His eyes clouded. I thought it was anger, but then he said, ‘Sorry,’ and reached out to help her. ‘I’m so sorry.’
He was close to tears.
‘I’m okay,’ Angela said, brushing my hand off. She touched the back of her elbow, wincing, but there was no sign of blood. ‘Let’s just go.’ She pushed away from the gate and started up the hill. White called out another apology, but Angela was just too pissed off to answer.
He still seemed to be trying to figure it out, why he’d done it. He said quietly, ‘She called me a liar.’ Finally he bent, leaning on his stick, but he couldn’t quite reach the flowers. It really was pathetic. I gathered them up and handed them to him, and he picked bits of dirt off the petals.
I watched Angela marching up the hill. I wondered what the hell had gotten into her, provoking the old bugger like that.
‘There’s nothing wrong with my memory,’ he said now, turning to the churchyard gate. ‘Ward made that offer.’
I opened the gate for him, he went through and immediately stepped off the path by a gravestone. It gave me a queasy feeling deep in my gut when I realized what he was doing. He carefully put down the flowers. He'd come down to visit his wife.
‘You will tell Mrs Mortlake I’m sorry,’ he said.

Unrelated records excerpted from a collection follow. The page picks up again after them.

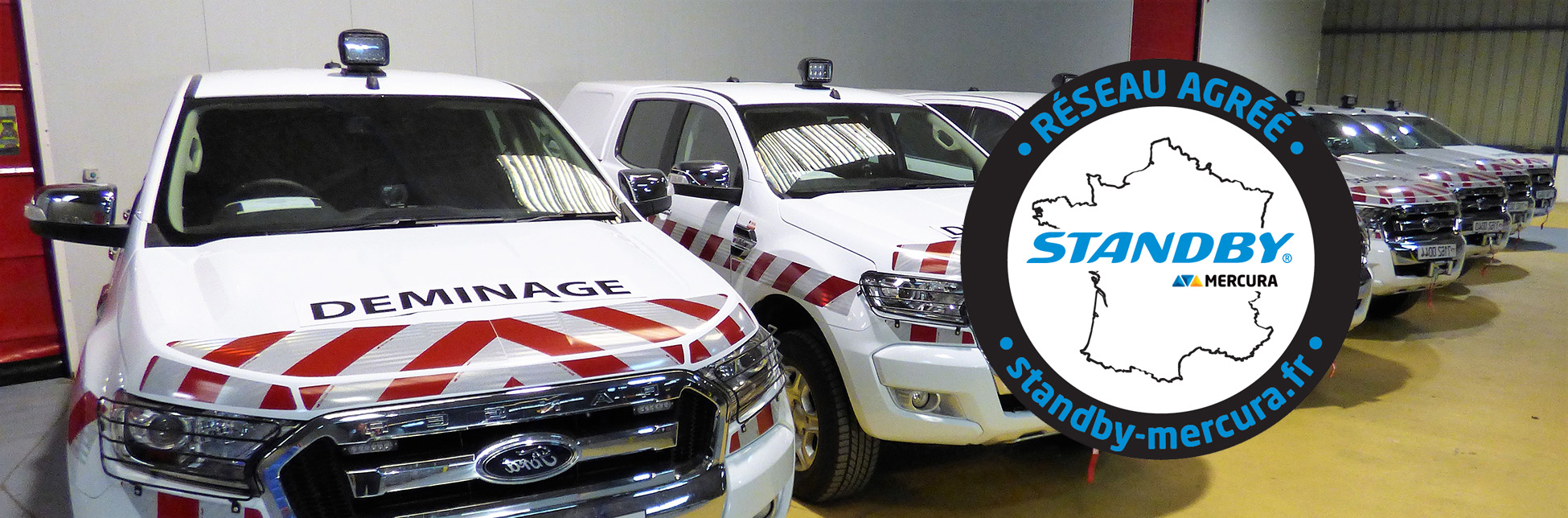 Le réseau se compose de près de 80 points services, soit plus de 100 techniciens formés aux produits Standby-Mercura dans toute la France, Corse et DROM-COM. En moyenne, vous pourrez ainsi retrouver un de nos partenaires à moins de 60 km de la plus grande ville de votre département. De plus, tous nos intervenants sont équipés de véhicules ateliers.
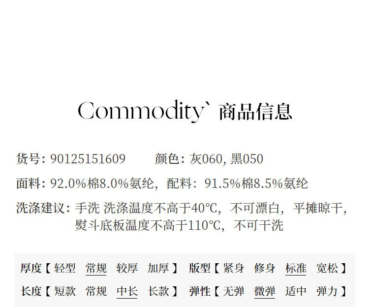 Material Composition 92% Cotton, 8% Polyurethane Elastic Fiber (Spandex)
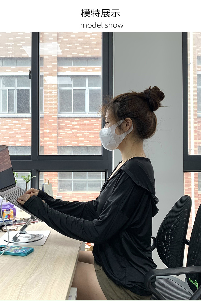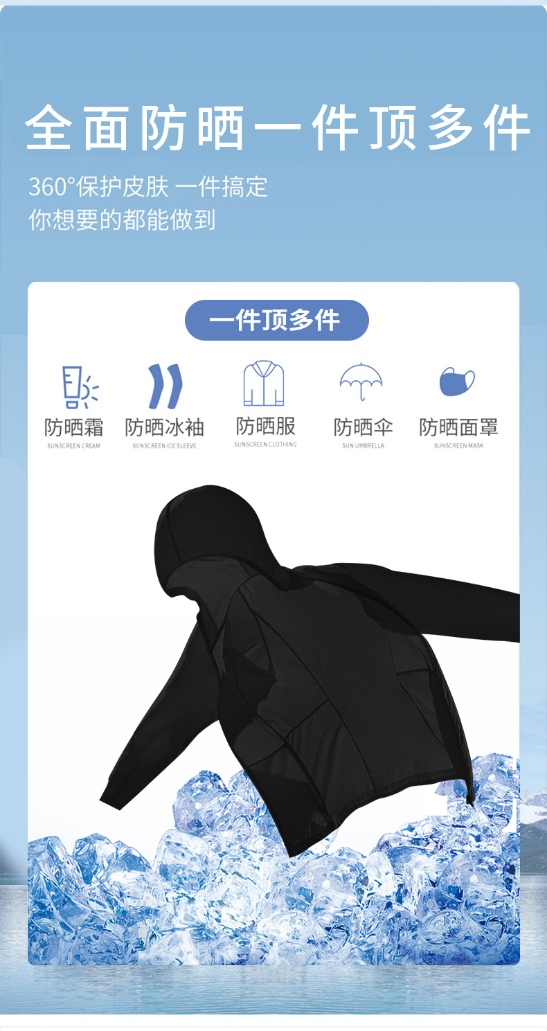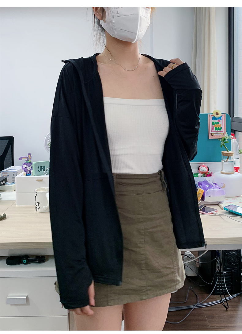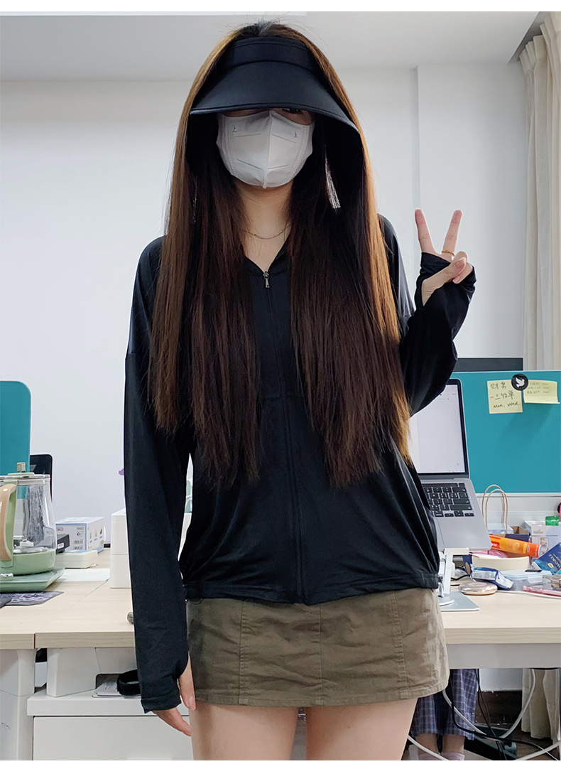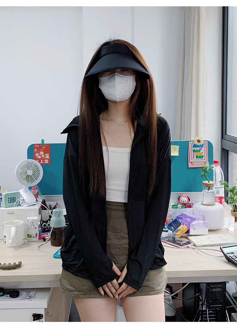 黑色防曬衣女款2023新款女孩夏季冰絲防曬服女抗UV套裝外套夏
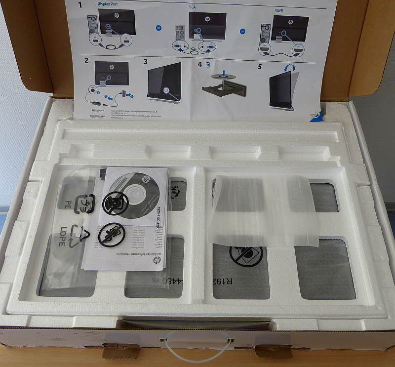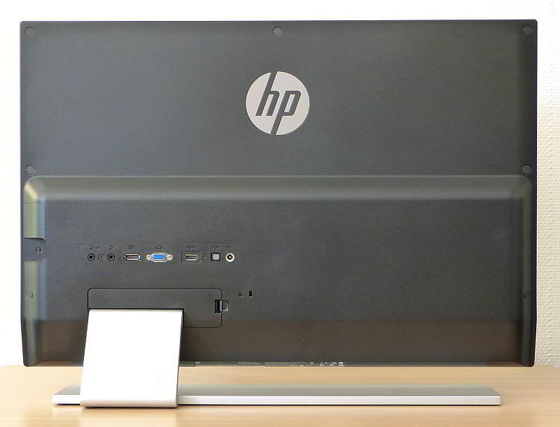 Aufgrund des verbauten IPS-Panels mit LED-Hintergrundbeleuchtung verspricht HP eine bessere Bildqualität, sowie konstanten Kontrast und Helligkeit über den gesamten Blickwinkel. Natürlich sind alle für einen Multimediamonitor notwendigen Anschlüsse wie HDMI mit HDCP, VGA und sogar ein DisplayPort-Anschluss vorhanden. Selbst die zugehörigen Kabel liegen bei, was nicht unbedingt selbstverständlich ist. Ein DVI-Anschluss ist jedoch nicht mehr vorgesehen.
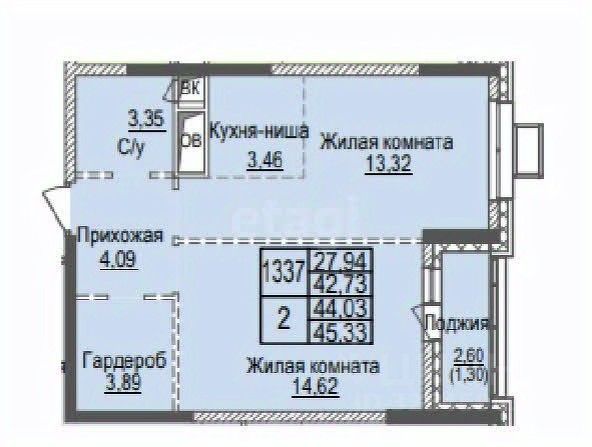 42 м² · Этаж 13 из 17

Angela was leaning against the bonnet when I got up there, inspecting the back of her arm.
‘Are you all right?’
‘I’ll live.’
‘I think he’s telling the truth about Sebastian.'
She scoffed.
‘Seriously,’ I said.
She reminded me that White had been wiped out by Lloyds. And she reminded me of that note. ‘He just wants revenge, Ian.’
‘Against a dead man?’
‘You invited him to tramp all over Sebastian’s reputation. What was he going to do, pass up the opportunity?’
While she rubbed her arm, I looked down the hill. White was still in the churchyard. What he’d said about Sebastian — and that photo in my pocket, and Nigel telling me Sebastian was involved with the Ottoman slip — well, I was starting to see a few things in a different light. But how to tell Angela?

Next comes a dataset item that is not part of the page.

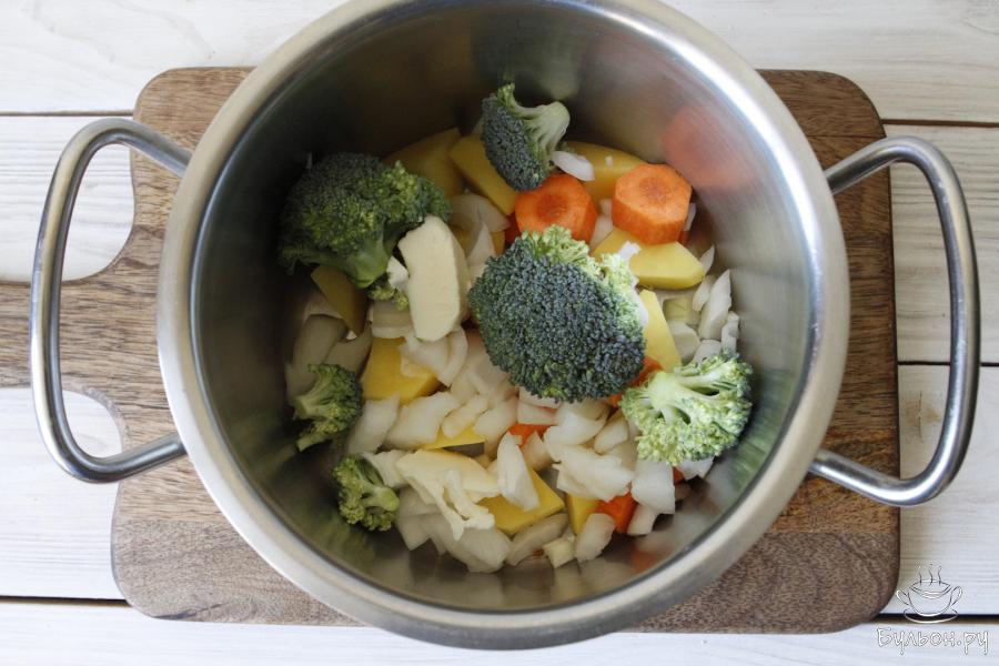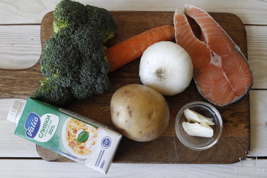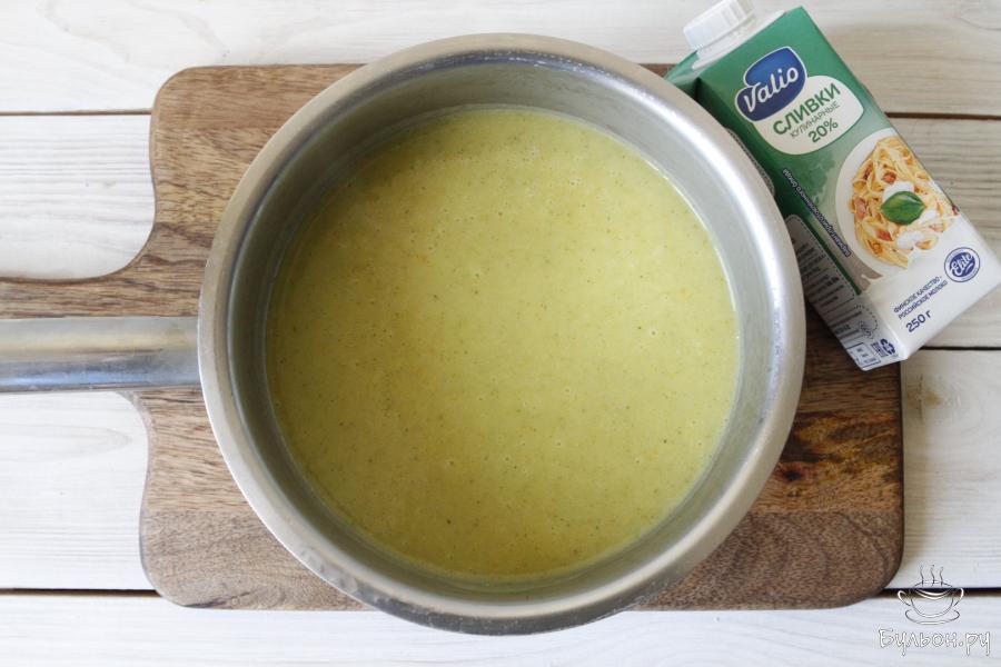 5. Варить суп до готовности овощей и рыбы. На это уйдет, примерно, 20-25 минут. По готовности достать рыбу и пюрировать овощи. Для густоты супа бульон можно слегка отлить. Добавить сливки и довести до кипения.

I said, ‘Remember when Sebastian took me to lunch that time? It was just before you went into hospital. Did he mention anything about it to you and Allen later?’

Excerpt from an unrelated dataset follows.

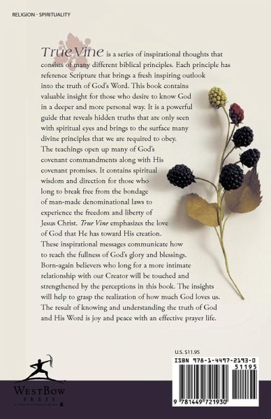 True Vine is a series of inspirational thoughts that consists of many different biblical principles. Each principle has reference Scripture that brings a fresh inspiring outlook into the truth of God's Word. This book contains valuable insight for those who desire to know God in a deeper and more personal way. It is a powerful guide that reveals hidden truths that are only seen with spiritual eyes and brings to the surface many divine principles that we are required to obey. The teachings open up many of God's covenant commandments along with His covenant promises. It contains spiritual wisdom and direction for those who long to break free from the bondage of man-made denominational laws to experience the freedom and liberty of Jesus Christ. True Vine emphasizes the love of God that He has toward His creation. These inspirational messages communicate how to reach the fullness of God's glory and blessings. Born-again believers who long for a more intimate relationship with our Creator will be touched and strengthened by the perceptions in this book. The insights will help to grasp the realization of how much God loves us. The result of knowing and understanding the truth of God and His Word is joy and peace with an effective prayer life.
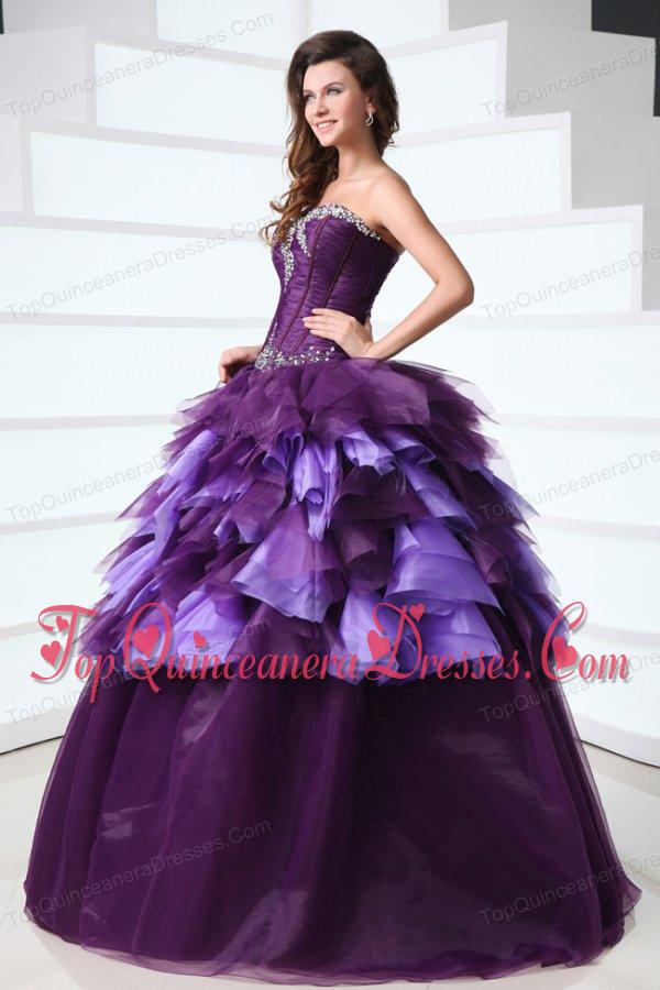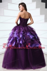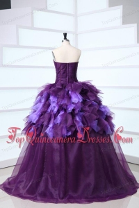 Sweetheart Dark Purple Sweet Train Quinceanera Dress with Beading

No, she said. She asked me what I was driving at.
‘I’m not sure.' What I really wasn’t sure about was how to say it. Because during that lunch Sebastian had asked me some pretty strange questions. Hypotheticals, like, Say if this proposition was put to you, how would you react? At the time I’d thought he was testing me out for Allen, giving my integrity the once-over in the lead-up to my promotion. But now, having heard White — and having seen that photo — I just wasn’t sure any more. Couldn’t all those strange questions have been testing me out for something else?
'Angela, if Sebastian did pull this scam with statues, what’s to say he hadn’t graduated to planes?’
‘Oh, come on. Some twisted old so-and-so spins you a line, and you’re just going to buy it, Ian? It’s preposterous. You’re acting like you never knew Sebastian.'
‘I’m not sure that I did.’
‘What?’
‘Nigel Chambers reckons WardSure was already in trouble business-wise before Sebastian died.’
'And this wouldn’t have anything to do with getting the police off your back, would it?’
‘No.’
‘If they thought Sebastian was in the habit of defrauding people, they’d have a list of murder suspects as long as your arm.’
‘We didn’t know Sebastian. Either of us,' I said, making a real effort to stay calm. ‘I thought I did, but I don’t think so now.’
‘I knew him.’
‘I don’t think so, Angela.’
She looked down to the churchyard. She remarked that she couldn't believe I'd take the word of 'that old sod.’
It was an instinctive thing, what I did then, just like when old man White chucked the flowers in her face. I took the photo out of my pocket and flicked it across the bonnet. It landed picture-side upward. She glanced at it, and before she’d properly seen what it was, she picked it up. And then she saw. Her mouth opened like she was struggling for air.
‘Angela,’ I said, going round the car. I reached for the photo, but she put out a hand, holding me off.
She studied the thing, the photo, a few seconds more, then she stepped away from the car. Sheep scattered up the hill.